VAD & Streaming: 🎤 The frontend captures user audio and, using Unmute's VAD implementation, streams it over a websocket 🕸️ to the backend as the user speaks.
Transcription: ✍️ The backend forwards this audio to Kyutai's Speech-to-Text (STT) model, which generates a live transcription.
Core Reasoning: 💡 The transcribed text is sent to the Audio Flamingo 3 🦩 model. This advanced Audio-Language Model (ALM) generates a context-aware, nuanced, and intelligent response.
Speech Synthesis: 🗣️ The text response from Audio Flamingo 3 is streamed, as it's generated, to Kyutai's Text-to-Speech (TTS) model.
Response: 🎧 The TTS model generates audio, which is streamed back to the user's browser 💻, enabling a fluid, low-latency conversation.

graph LR
    UVI[User Voice Input] --> F(Frontend)
    F -->|Audio File| B(Backend)
    B <-->|WEB SOCKET| STT(STT)
    B <-->|WEB SOCKET| TTS(TTS)
    B <-->|HTTP| AF3(AF3)
    B <--> LLM(LLM)
    LLM <--> SDK(OpenAI Agent SDK)
    SDK <--> TC(Tool Calling)

🌟 Features

⚡ Extremely Low Latency: Built on Unmute's architecture, streaming STT, LLM, and TTS tokens simultaneously for lower time-to-first-word."
🧠 Advanced AI Reasoning: Powered by Audio Flamingo 3 🦩, providing state-of-the-art responses.
🌊 Real-time Streaming: Full-duplex audio transport over websockets.
🎙️ Robust VAD: Intelligently detects end-of-speech or natural spaces to provide a natural turn-taking experience.
🧩 Modular: Easily swap out the core model (Audio Flamingo 3) for other backends like GPT-4o, Ollama, or Mistral.
👂 Spatial & Emotion Detection: The core model (Audio Flamingo 3) understands audio and is able to detect the surrounding environment 🌍 and the user's tone 😄😢 from the input audio, something which has not yet been achieved by other open source models.

🛠️ Running without Docker (Dockerless)

Alternatively, you can run all services manually.

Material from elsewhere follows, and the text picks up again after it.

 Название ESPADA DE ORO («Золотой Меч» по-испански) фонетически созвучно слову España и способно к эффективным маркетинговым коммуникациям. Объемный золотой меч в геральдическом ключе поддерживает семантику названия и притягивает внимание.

This is more complex due to dependencies.

💻 Software requirements:

uv: Install with curl -LsSf https://astral.sh/uv/install.sh | sh
cargo: Install with curl https://sh.rustup.rs -sSf | sh
pnpm: Install with curl -fsSL https://get.pnpm.io/install.sh | sh -
cuda 12.1: Needed for the Rust processes (tts and stt).

▶️ Start services: Start each of the services one by one in a different terminal 🖥️:

./dockerless/start_frontend.sh
./dockerless/start_backend.sh
./dockerless/start_llm.sh        # Requires GPU VRAM
./dockerless/start_stt.sh        # Requires GPU VRAM
./dockerless/start_tts.sh        # Requires GPU VRAM

The website should now be accessible at 🌐 http://localhost:3000.

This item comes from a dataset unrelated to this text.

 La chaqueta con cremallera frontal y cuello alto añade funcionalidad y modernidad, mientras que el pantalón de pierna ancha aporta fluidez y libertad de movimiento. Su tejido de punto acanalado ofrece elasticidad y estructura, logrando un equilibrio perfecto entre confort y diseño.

📡 Connecting to a Remote Server

If you're running Jarvis 2.0 on a remote machine (e.g., jarvis-box) and accessing it from your local machine, you must use SSH port forwarding.

Note

🔒 Browsers restrict microphone 🎤 access on non-secure (http://) connections, except for localhost. Port forwarding makes the remote server accessible via your localhost, bypassing this restriction.

🐳 For Docker Compose: The default setup runs on port 80. Forward this to your local port 3333 🔑:

ssh -N -L 3333:localhost:80 jarvis-box

Now open http://localhost:3333 in your browser.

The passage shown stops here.